Ehrlich gesagt durchblick ich deine Herangehensweise noch nicht so richtig.
Du hast ein Edittext und einen Button ("Enter").

Der Nutzer soll folgendes machen:
Zahl eingeben -> Enter  -> Zahl auf Stack pushen
Zahl eingeben -> Enter  -> Zahl auf Stack pushen
'+' eingeben -> Enter    -> Ergebnis ausrechnen.

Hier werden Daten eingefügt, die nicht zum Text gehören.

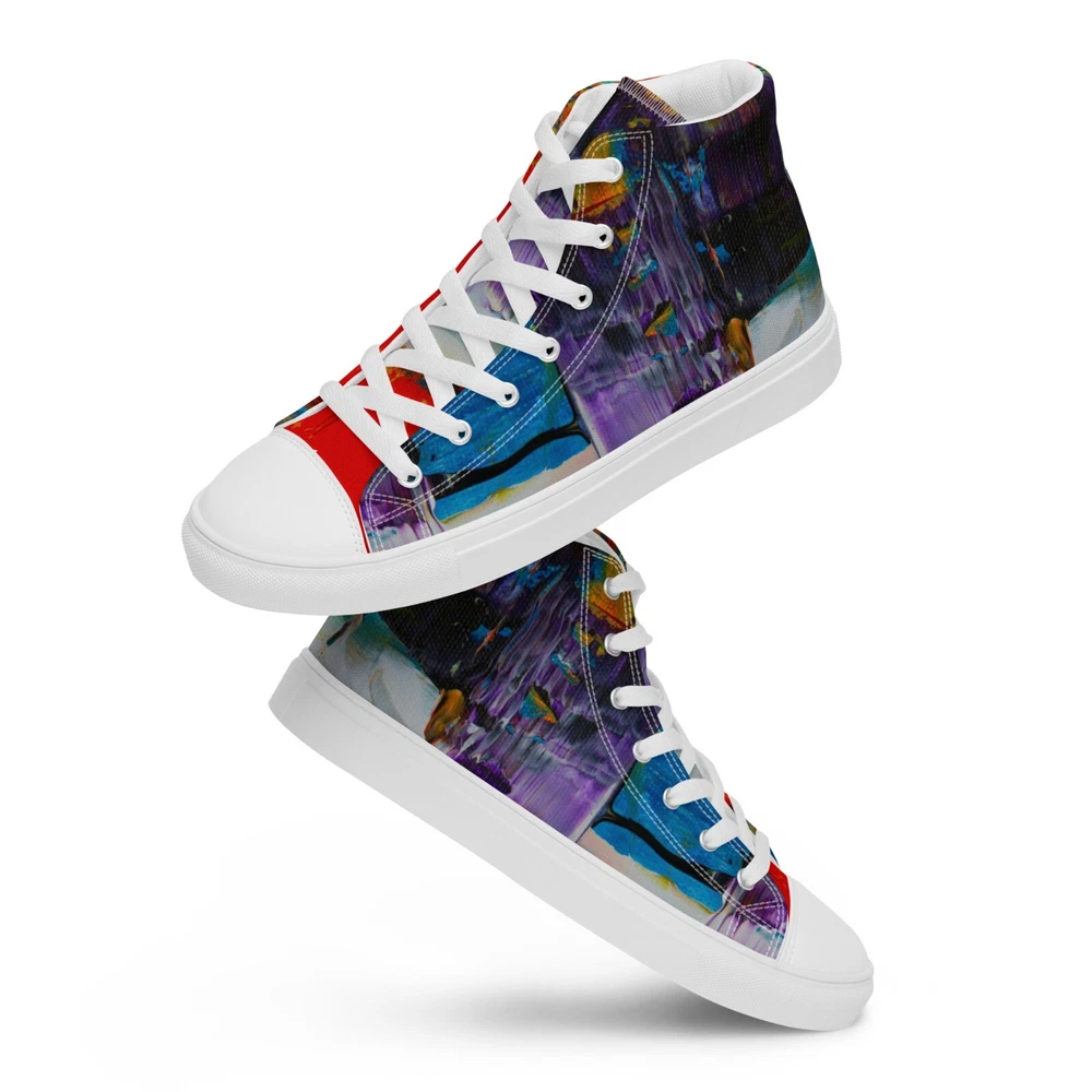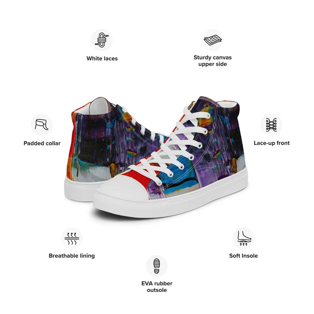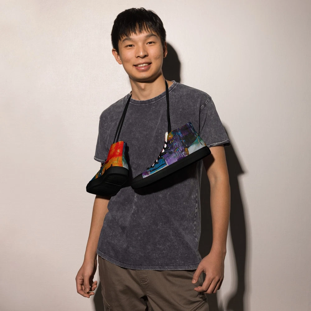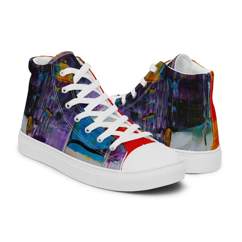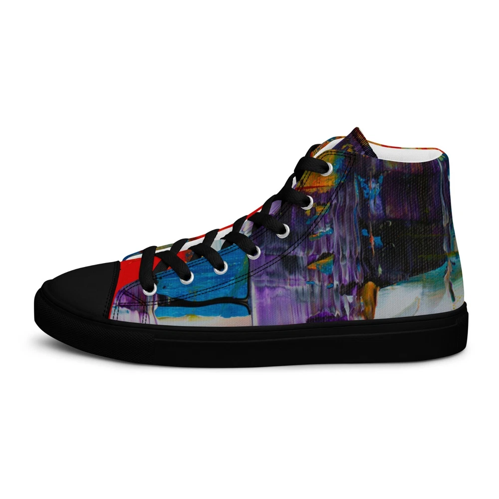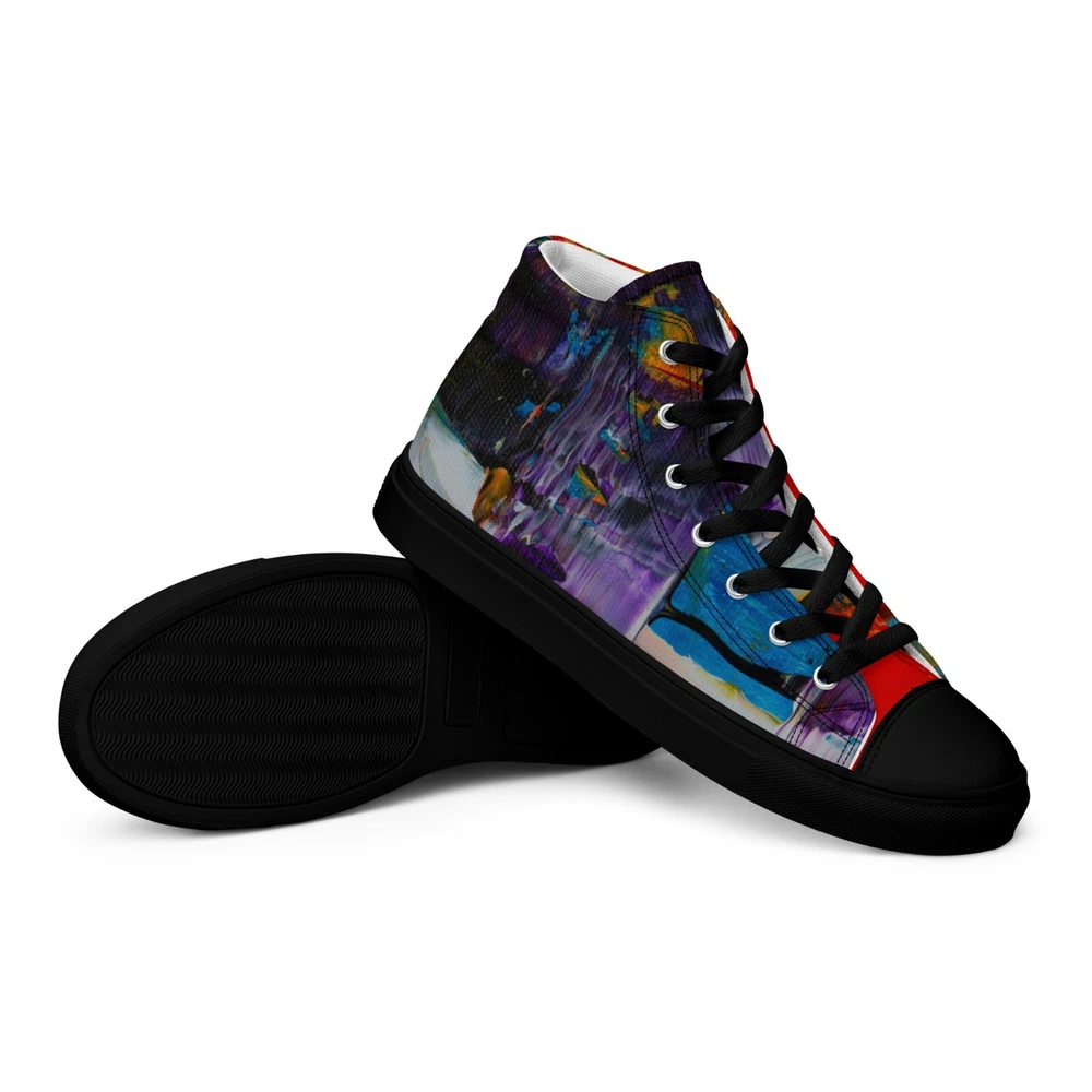 Step into comfort and style with the UVelsi Premium High Top Canvas sneakers. Designed for the modern man, these shoes feature a sleek, lace-up closure and a durable rubber outsole for reliable traction. The breathable canvas upper and lining ensure your feet stay cool and comfortable, whether you're hitting the gym or the streets. High functionality meets fashion with these versatile sneakers, suitable for a wide range of occasions from activewear to casual workwear. Enjoy the convenience of an adjustable strap and a cushioned, padded insole that supports your feet throughout the day. These limited edition sneakers are tailored for perfection, handmade to offer both a unique aesthetic and a personalized fit. Step up your shoe game with the High Top Canvas Shoes. These handmade, trendy shoes are sure to spice up your outfit. Get yours now! • 100% polyester, canvas upper side • Ethylene-vinyl acetate (EVA) rubber outsole • Breathable lining, soft insole • Faux leather toe cap • Padded collar, lace-up front • Soles and laces in matching colors Size guide preview (Imperial) US Men UK Europe Foot Length Japan Outsole Length 5 5 4 37.5 9 ⅛ 23 10 ¼ 6 6 5 38.5 9 ½ 24 10 ⅝ 7 7 6 40 9 ¾ 25 10 ¾ 8 8 7 41 10 ⅛ 26 11 ⅛ 9 9 8 42.5 10 ½ 27 11 ⅝ 10 10 9 44 10 ¾ 28 12.00 11 11 10 45 11 ¼ 29 12 ⅛ 12 12 11 46.5 11 ¾ 30 12 ¾ 13 13 12 47.5 12 31 12 ¾ 5.5 5.5 4.5 38 9 ¼ 23.5 10 ¼ 6.5 6.5 5.5 39 9 ⅝ 24.5 10 ⅝ 7.5 7.5 6.5 40.5 10.00 25.5 11 ⅛ 8.5 8.5 7.5 42 10 ¼ 26.5 11 ⅜ 9.5 9.5 8.5 43 10 ⅝ 27.5 11 ⅝ 10.5 10.5 9.5 44.5 11.00 28.5 12 ⅛ 11.5 11.5 10.5 46 11 ½ 29.5 12 ½ 12.5 12.5 11.5 47 11 ⅞ 30.5 12 ¾ Size guide preview (Metric) US Men UK Europe Foot Length Japan Outsole Length 5 5 4 37.5 23.2 23 26.2 6 6 5 38.5 24.1 24 27 7 7 6 40 24.8 25 27.3 8 8 7 41 25.7 26 28.3 9 9 8 42.5 26.7 27 29.5 10 10 9 44 27.3 28 30.5 11 11 10 45 28.6 29 30.8 12 12 11 46.5 29.9 30 32.4 13 13 12 47.5 30.6 31 32.4 5.5 5.5 4.5 38 23.5 23.5 26.2 6.5 6.5 5.5 39 24.5 24.5 27 7.5 7.5 6.5 40.5 25.4 25.5 28.3 8.5 8.5 7.5 42 26 26.5 29 9.5 9.5 8.5 43 27 27.5 29.5 10.5 10.5 9.5 44.5 28 28.5 30.8 11.5 11.5 10.5 46 29.2 29.5 31.8 12.5 12.5 11.5 47 30.2 30.5 32.4

Hab ich das soweit richtig verstanden?


----------



## Java xyrse123 (14. Apr 2018)

Ja, später kommen natürlich noch andere Rechenzeichen hinzu


----------



## Robat (14. Apr 2018)

Und gibst auch wirklich nur das oben ein? 2 Zahlen und ein +? Und drückst dansch nicht mehr auf ENTER?


----------



## Java xyrse123 (14. Apr 2018)

Vielleicht war es etwas verwirrend: 1. CodeBeispiel in # 16 ich gebe 4.3.+ ein und dann ENTER, es wird an den Punkte gesplittet  und als Ergebnis kommt 7.0 in TextFeld.

2. CodeBeispiel: ich gebe 2 ein -> ENTER, 3->ENTER und + -> ENTER( so wollte ich es haben) , bekoome dann aber eine Empty StackException und die App stürzt ab.


----------



## Robat (15. Apr 2018)

Also anhand deines gezeigten Codes kann ich mir den Fehler nicht erklären.
Ich könnte mir noch vorstellen, dass du die Logik-Instanz falsch erstellst und daher immer ein neuer Stack erstellt wird..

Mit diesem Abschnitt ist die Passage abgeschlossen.